Friday, November 1, 2019

Well, it’s been a month. Crazy in my neck of the woods; I now have an almost complete, new kitchen, so that’s pretty exciting.

I also, though, have no groceries in my fridge, and my hair is getting to be 95% split ends, and I don’t have a firm date from the facility for my upcoming recital, and my elbow hurts.

Whine.

However, today is Friday. And I remembered the funniest thing ever (it was even funny at the time, although I couldn’t believe it was happening, and I wanted to kill the kid who did it), so I thought I would make a nice, funny, Friday post. I may have posted about it before, but since I had forgotten about it, I bet everyone who reads this will have forgotten, too. Here goes.

I used to conduct musicals every summer for this organization that runs a sort of educational music day camp for kids. One year, I had these two new boys that had never come to the camp before, and the older boy had a good voice and seemed pretty comfortable on the stage, so the directors of the camp decided to give him a big leading role in the show. I wasn’t sure about it, because stage fright is nasty, and you never know who’s going to be paralyzed by it until you see them in front of an audience. Not my call, though, so we went with it.

All through rehearsals, he did really well, and was a nice boy who learned his lines and got along with the other kids, so we thought we were good.

We got to opening night, and everything was gong fine. Intermission got there, and I went backstage and checked, and everything was okay. Good? Good. Started the second act of the show, and the boy and three other kids were onstage and just starting a little quartet.

All of a sudden, the kid stops and just walks offstage. Just leaves. The other three kids go ahead and do the quartet without him and fill in his lines and everything. They were super awesome. So we finish the show and the boy never comes back and I go backstage thinking that maybe he just got scared or hurt himself or something. Nope.

He’s sitting on the couch backstage, talking to some other kids.

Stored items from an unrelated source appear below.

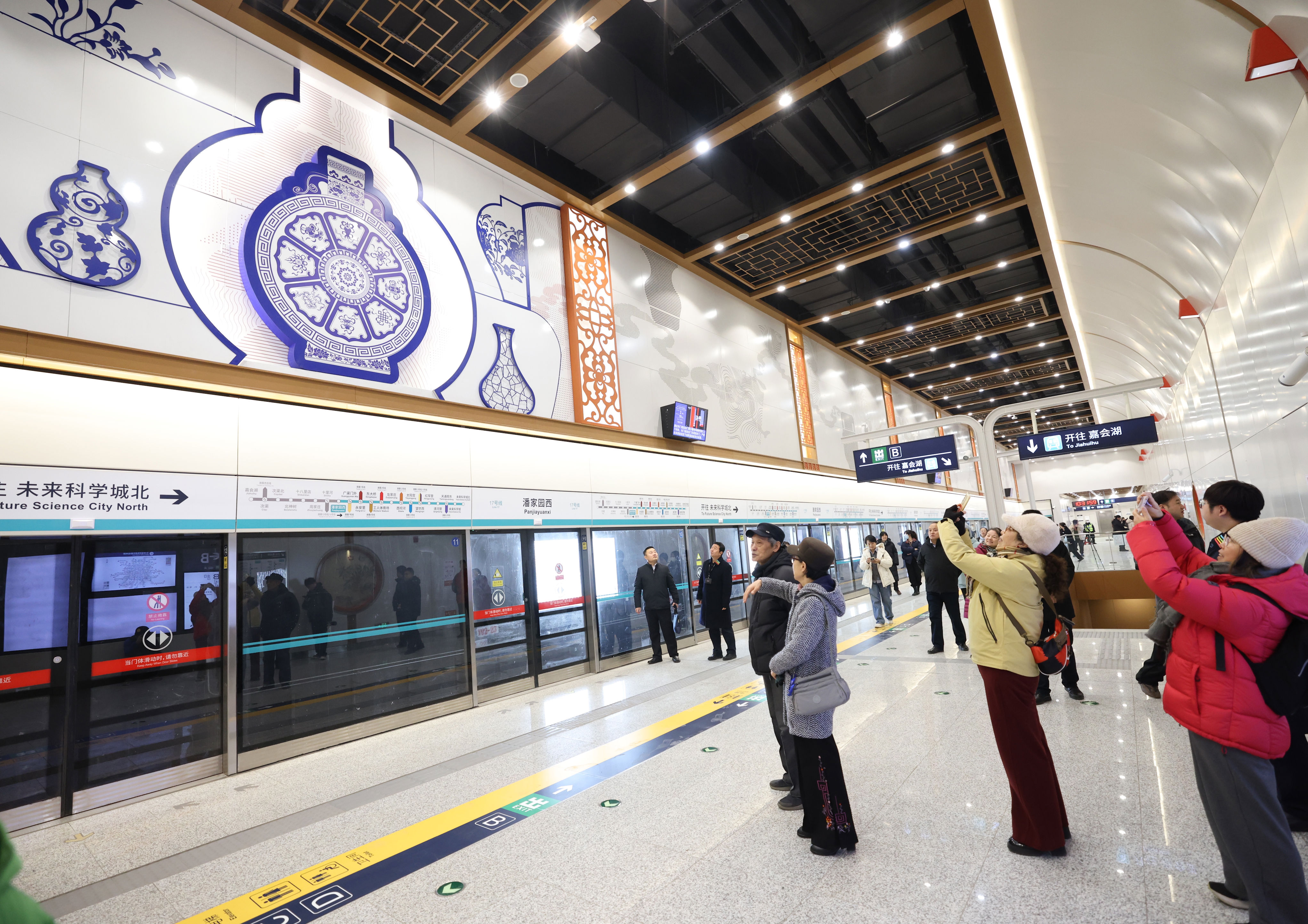 17号线中段车站的设计充分融合地域文化。例如,永安里站采用新中式风格,以米色为主色调,衬以褐色线条与顶部藻井造型,展现中式空间之美;站内布置“东方之韵”主题壁画,创新运用玻璃瓦片融入故宫、太庙等经典古建筑剪影,传递北京文化底蕴与都市活力。潘家园西站则结合结构空间特点及周边文化元素,融入青花瓷、古画、花格等传统纹样,呼应站点周边文化氛围。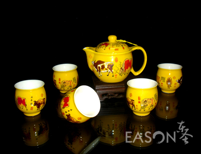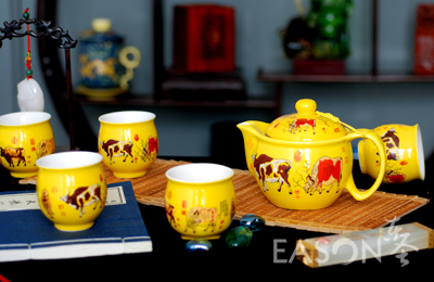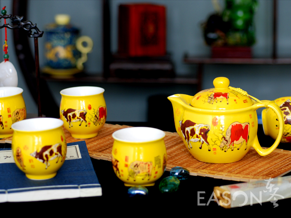 产品名称:【五彩神牛】黄瓷茶具套装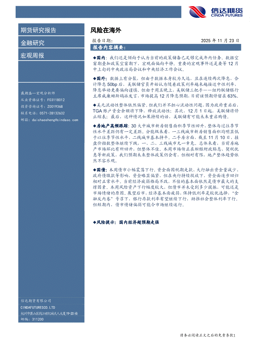 信达期货-宏观周报:会议落定,扰动因素再次聚焦海外-251214
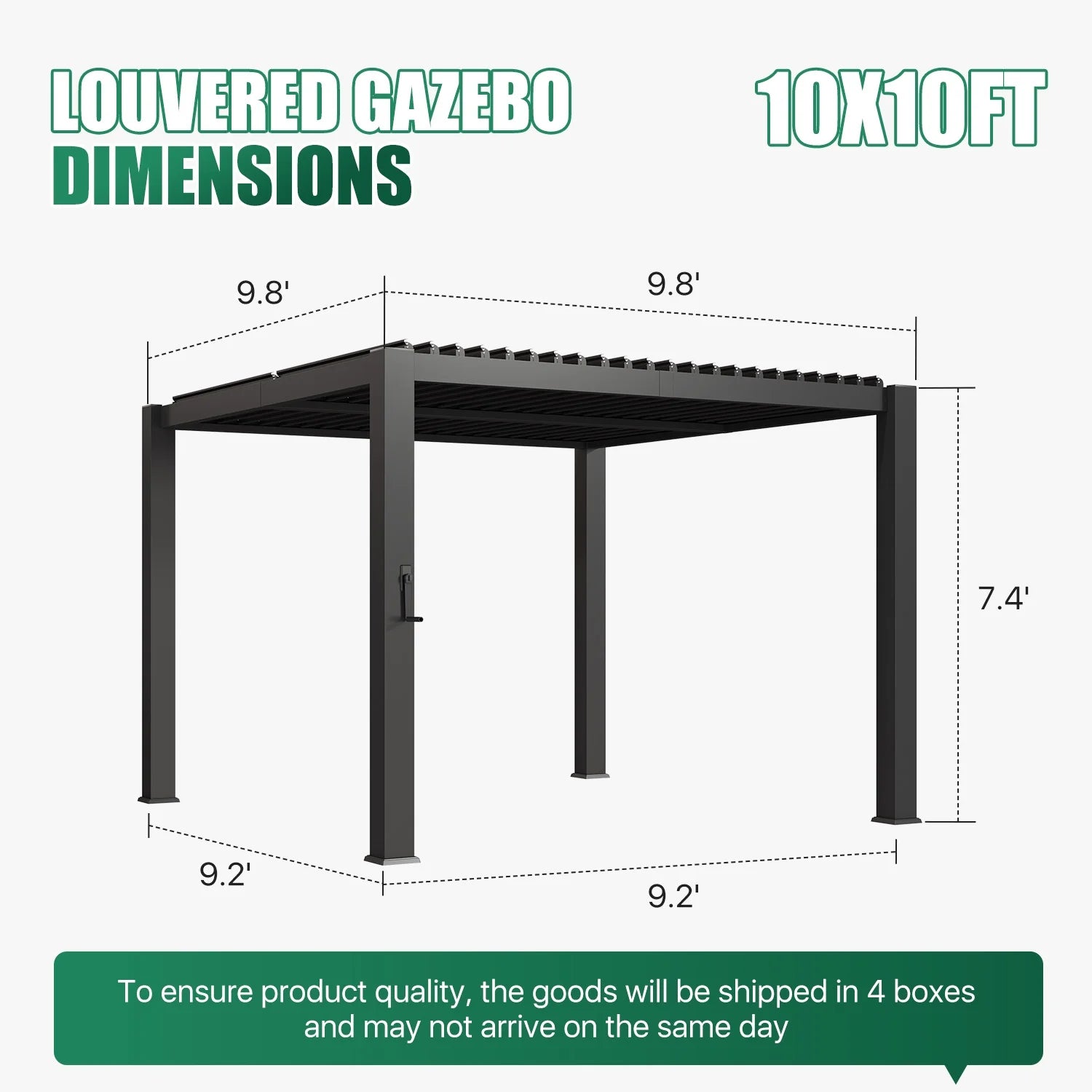 Clouddwell Louvered Pergola with Adjustable Top, 10'x10' Outdoor Metal Pergola, Gray, for Patio, Garden and Backyard
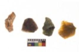 | Description / विवरण | There are n 4 utilized flake cores. There are multi directional irregular scar pattern on them. Two have flat base and two have blunted edges. |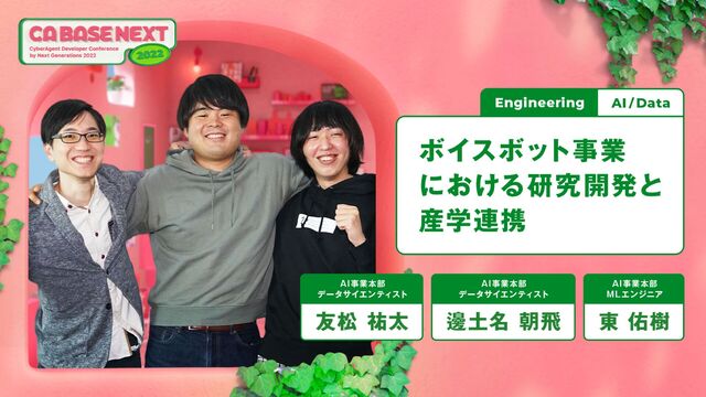 本セッションでは,実際に研究開発および共同研究に携わっているAIチームリーダーと若手2名が,これまでのボイスボットの研究開発の取り組みと今後の展望について紹介します。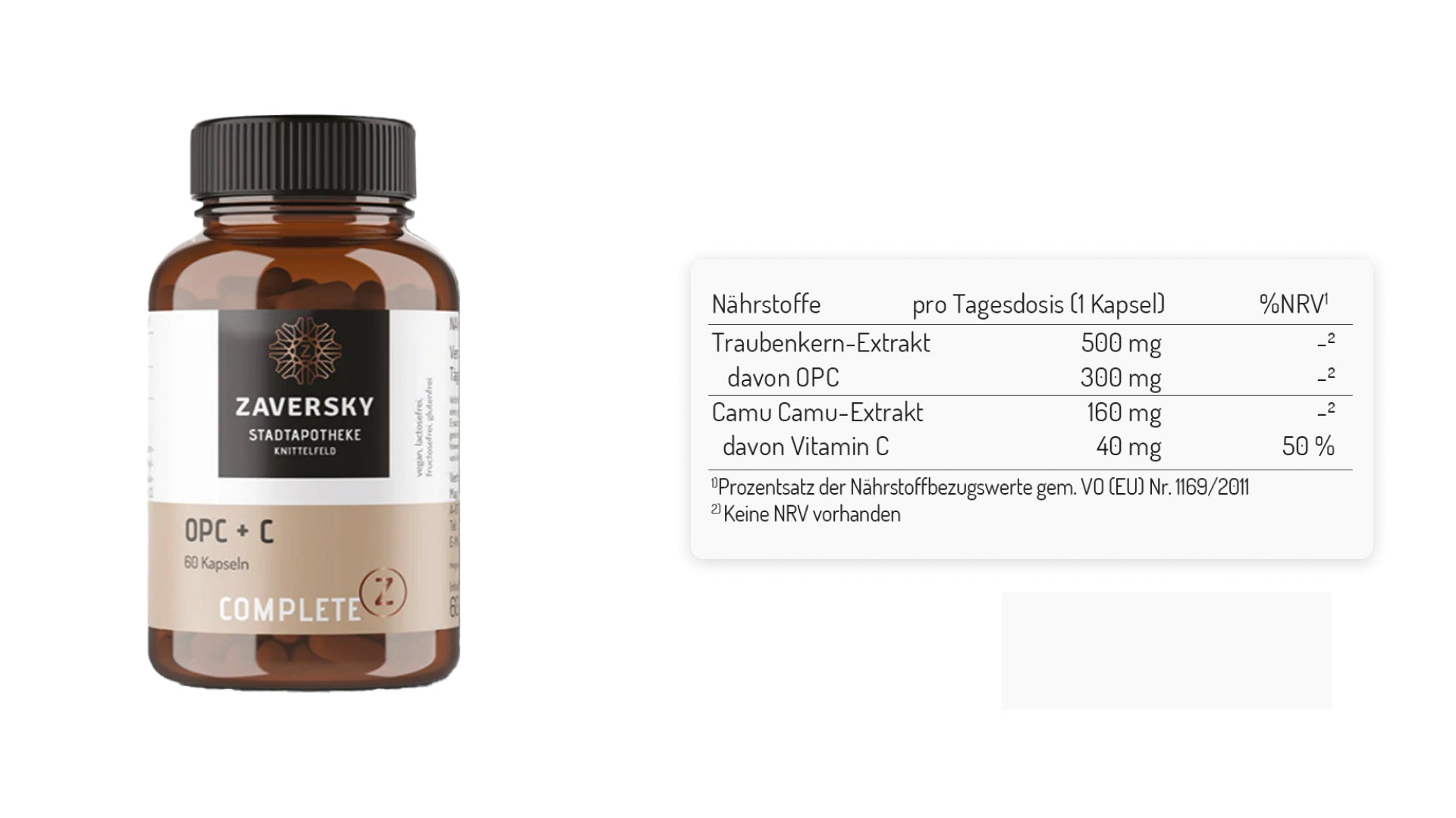 • OPC + Vitamin C enthält 300 mg OPC, einen Extrakt aus Traubenkernen.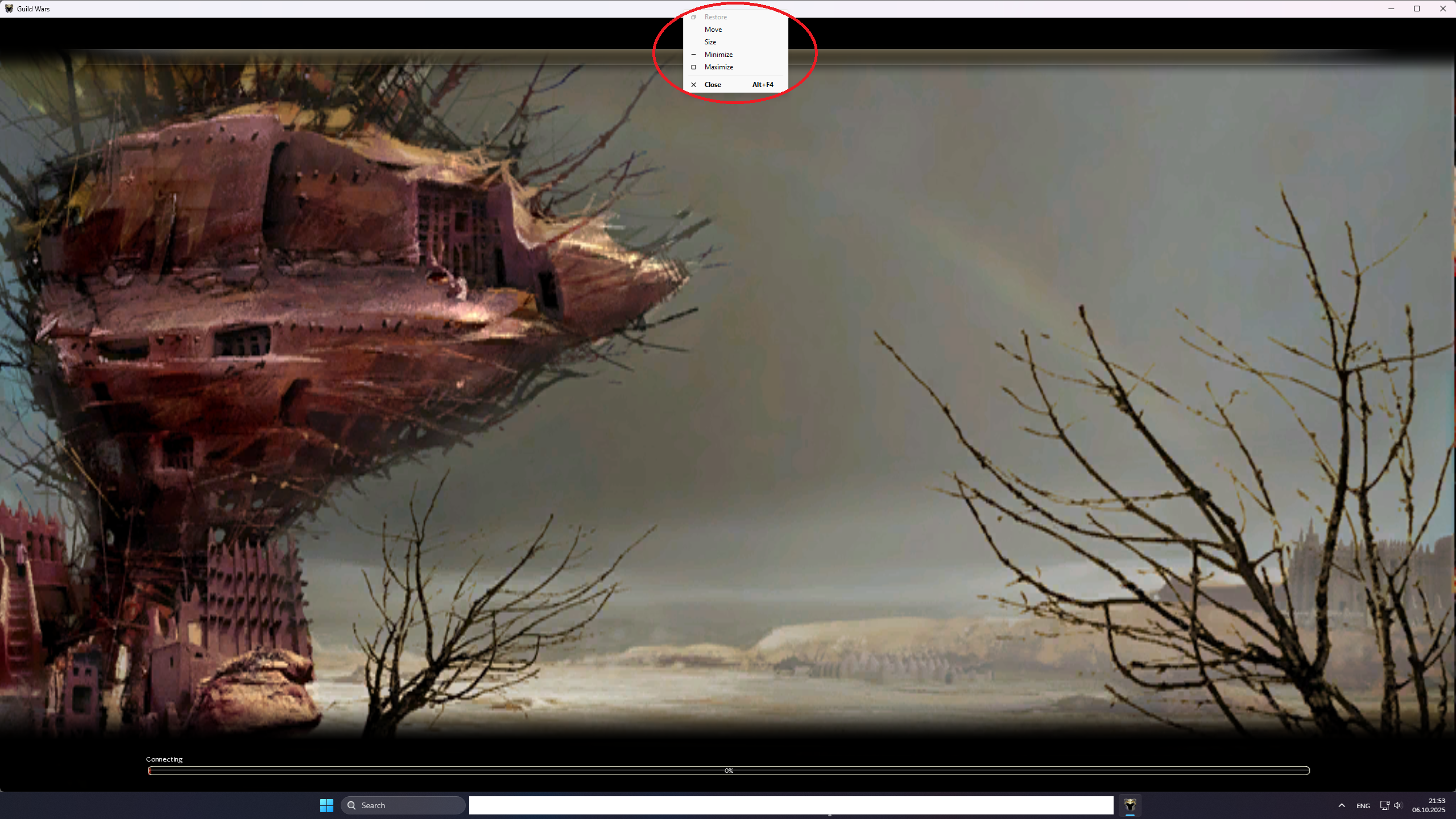 You may not know it, but during download when Guild Wars is in window mode, if you right click on the upper ribbon of the window, in order to make the corresponding drop-down menu appear and leave your mouse cursor as it is with the window in the foreground. Miracle the download stops! To unlock it left click on the top ribbon again: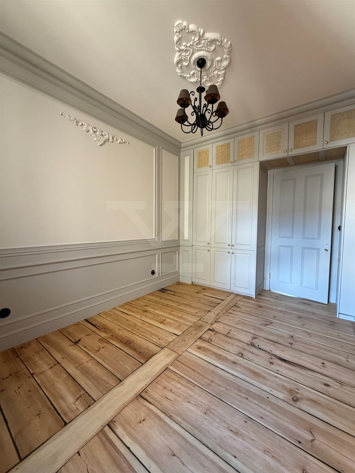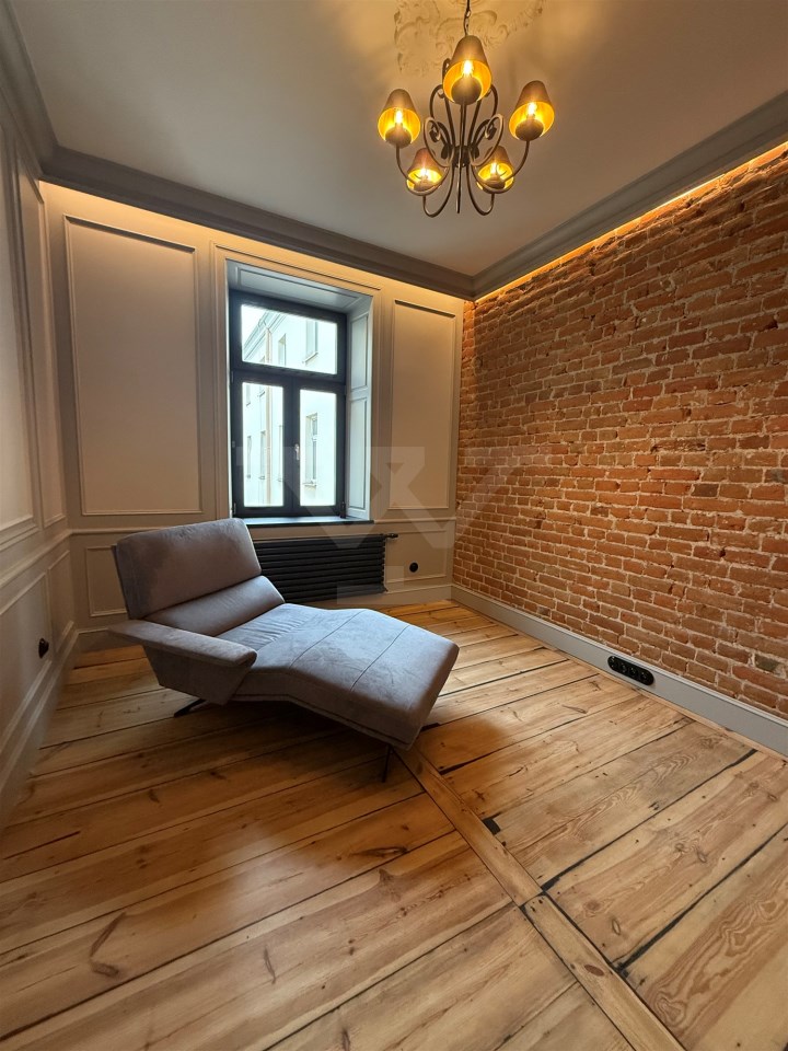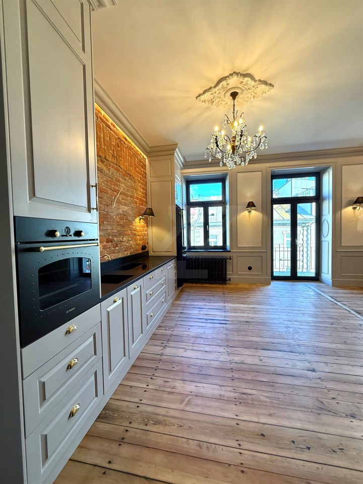 Wnętrze zostało zaprojektowane z dbałością o każdy szczegół – odsłonięta cegła w połączeniu z ozdobnymi sztukateriami, kryształowymi żyrandolami i naturalnym drewnem nadaje mieszkaniu elegancki, a zarazem przytulny charakter. Wysokie sufity, drewniane podłogi i subtelne, jasne zabudowy tworzą wyjątkową harmonię między klasyką a nowoczesnością.

I go over and ask him what happened.

“I had to poop.” he says.

Seriously. That’s what he had to walk off the stage and go do. He had to poop. Apparently, his mom had told him once not to hold his poop, and he took it very seriously.

So, yeah. That happened. Thought I’d share, since it’s Friday and I also haven’t written about poop in ages. I may be off on some of the details, since it’s been ages, but he totally walked off the stage in the middle of an act to poop.

Ha ha ha I love kids. They’re the best.